Note A - Basis of Presentation

The accompanying condensed, consolidated, and unaudited financial statements
for the Company have been prepared in accordance with generally accepted
accounting principles for interim financial information and with the
instructions to Form 10-Q and Article 10 of Regulation S-X.  As a result,
the financial statements do not include all of the information and footnotes
required by generally accepted accounting principles for complete financial
statements.  In the opinion of management, all adjustments necessary for a
fair presentation of quarterly operating results are reflected herein, and
are of a normal, recurring nature.  For purposes of this report the
"Company" refers to Crowley, Milner and Company ("Crowley's") and its
wholly-owned subsidiary, Steinbach Stores, Inc. ("Steinbach"), collectively.

Given the seasonal nature of the specialty department store business,
operating results for the nine months ended October 31, 1998 are not
necessarily indicative of the results that may be expected for the year
ending January 30, 1999.

It is suggested that these condensed, consolidated and unaudited financial
statements be read in conjunction with the financial statements and notes to
financial statements included in the Company's Annual Report on Form 10-K
for the year ended January 31, 1998.  

Note B - Earnings Per Share

On January 31, 1998, the Company adopted SFAS No. 128 which establishes
standards for computing and presenting earnings per share ("EPS"), and
attempts to simplify the approach for computing EPS previously required in
APB Opinion No. 15. The computation of EPS is shown below:

<TABLE>
<CAPTION>
                                             Nine Months Ended               Three Months Ended
                                        October 31,      November 1,     October 31,      November 1,
                                           1998             1997            1998             1997
                                           ----             ----            ----             ----
<S>                                     <C>             <C>               <C>              <C>
Numerator
  Net earnings (loss)                   $(6,216,798)    $(4,504,999)      $324,983         $740,295
Denominator
  Weighted average shares--basic          1,548,462       1,535,834      1,552,462        1,544,344
  Effect of nonvested restricted shares          --              --             --               --
  Dilutive weighted average shares        1,548,462       1,535,834      1,552,462        1,544,344
  Dilutive earnings (loss) per share         $(4.02)         $(2.33)          $.21            $0.48

</TABLE>

                    PART I - FINANCIAL INFORMATION

ITEM 2.  MANAGEMENT'S DISCUSSION AND ANALYSIS OF FINANCIAL CONDITION AND
RESULTS OF OPERATIONS

STATEMENT ON FORWARD-LOOKING INFORMATION

This report includes various "forward-looking statements" within the meaning
of the Private Securities Reform Act of 1995 that represent the Company's
expectations or beliefs concerning future events and involve risks and
uncertainties.  Expressions such as "believes", "anticipates", "intends",
"plans" or "expects" are intended to identify these  forward-looking
statements.  Although the Company believes its expectations are based upon
reasonable assumptions, the Company cautions that such forward-looking
statements are subject to important factors that could cause actual results
to differ materially from those anticipated.  There can be no assurances
that actual results will not materially differ from expected results.  These
factors include, but are not limited to, increasing competition in existing
markets; adverse economic conditions either nationally or in existing
markets; unexpected or severe weather conditions, and possible
unavailability of merchandise from existing vendors.
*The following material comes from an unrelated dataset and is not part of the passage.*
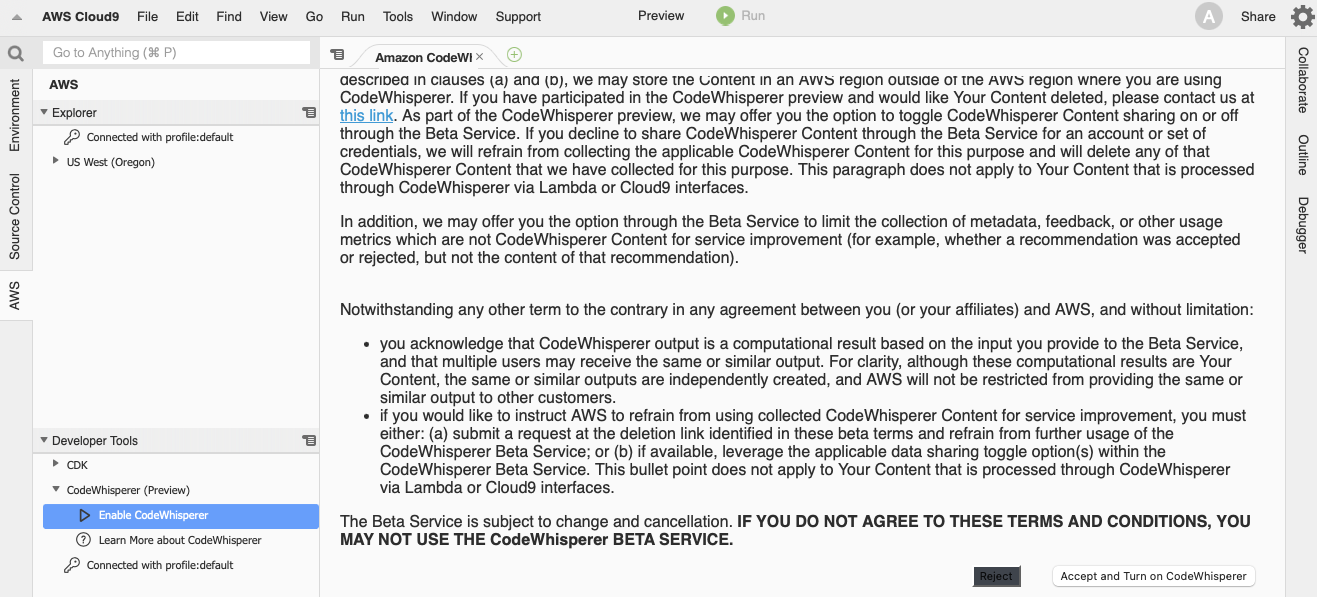 Super simple to enable and accept the CodeWhisperer terms of services from any region with AWS Cloud9 available.

The Company is under no
obligation to update such forward-looking statements to reflect events or
circumstances after the date hereof.  

RESULTS OF OPERATIONS

Quarter Ended October 31, 1998 Compared To Quarter Ended November 1, 1997

The Company anticipates that sales for the remainder of the year will
continue at substantially lower levels than during the fourth quarter of
1997.  The Company's comparable store net sales decrease for the third
quarter was caused primarily by unseasonably warm weather, continued lower
sales at all stores due to the Company's strategy of limiting its promo-
tional activity and continued lower sales at the two stores in the chain
that were undergoing complete renovations during the previous quarter.
Comparable store sales results for the quarter ended October 31, 1998,
decreased 17.4%, to $40.9 million, from $49.5 million for the quarter ended
November 1, 1997.

As a percentage of net sales, gross profit increased to 41.8% for the
quarter ended October 31, 1998 from 36.1% for the comparable period in 1997. 
The Company's gross profit dollars for the quarter ended October 31, 1998,
were virtually unchanged at $17.9 million.  Stronger gross profits were the
result of tighter controls over inventory and fewer promotional markdowns. 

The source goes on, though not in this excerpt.